Building a city of God?

'Pizza pope' builds a Catholic heaven

I have mixed feelings about this. It would be quite nice to live in a place permeated with a Catholic culture, however, I don't think building a city separated from the rest of the world is good way to spread that culture. We were told to be "in the world but not of the world" (John 17:13-19).

Now, it may be that a place like Ave Maria could form people who would go out and change society, but it just seems to me to be a place to get away from the rest of the world.

6 comments:

Unknown said...

Hey sweet, I just posted basically the same thing, before I knew you'd found the same link.

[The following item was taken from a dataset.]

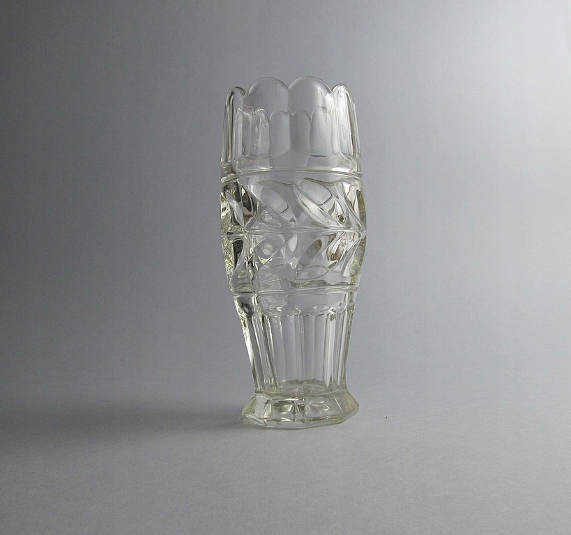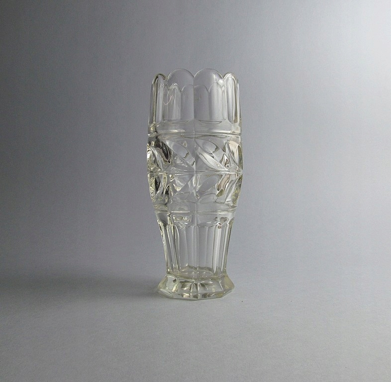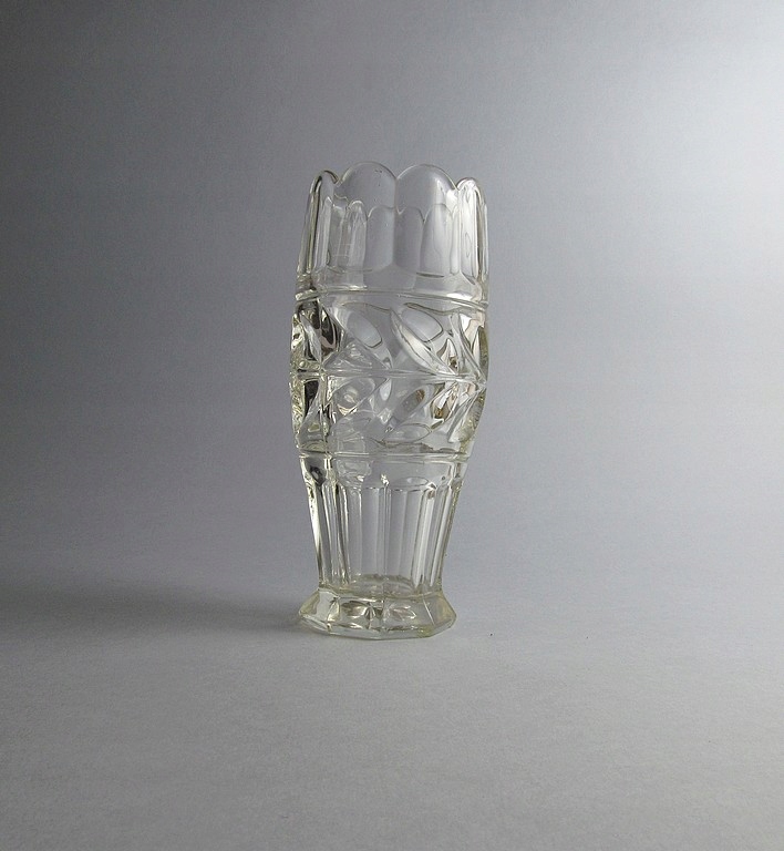 Вітаю пані та панове....... предметом продажу є гарна ваза з пресованого скла... фабрика Walther / модель Merdeces / початок 20 століття..... 100%, надійний оригінал від епоха і велика рідкість для любителів пресованого скла, скло з характерним "пісочним" відтінком, притерте дно... ваза висотою 21 см і діаметром 9 см, важка і масивна, у відмінному стані, тільки видимі подряпини на дні... ...... гарне старе скло!!........ДУЖЕ РЕКОМЕНДУЮ!!!!

Great minds and all that, no doubt.

father michael said...

No doubt, indeed.

I just posted a comment on your post ... AND THEN DISCOVERED THAT YOU HAD COMMENTED ON MY POST!

Gregaria said...

I don't quite know what to say...

It seems that Monaghan's absolute rules in a town that will be open to the public is kind of interesting. It doesn't seem right. I also agree with what you say about the town becoming an escape rather than an evangelizing tool. I'm sure enforcing restrictions on various business people will not make them suddenly open to accepting Catholic doctrines and rules. Its a good idea, but I think he's going about it the wrong way. And I don't know which way would be the right way to go about it.

David L Alexander said...

man with black hat: Hail Mary Revisited

"[N]ot a 'town' in the traditional sense of being designed for pedestrian traffic, but rather a suburb designed for the automobile... a monument to consumption and excess for which the American suburb has become known in over half a century... which is more 'cultural Calvinist' than it is Catholic, regardless of how many streets are named for saints."

David L Alexander said...

Included in my above link is a presentation on "new urbanism." Well worth viewing, for those interested in how a "town" is supposed to look.

father michael said...

Thanks for all the comments.
Here's the link that David mentioned:
http://www.cnu.org/about/index.cfm?formAction=tour&CFID=12257480&CFTOKEN=62716797

I agree. The idea of a "walkable" city is brilliant ... it would take work but would be worth it. Also, I think we really need to work on revitalizing our existing towns and making them more livable before we make new ones.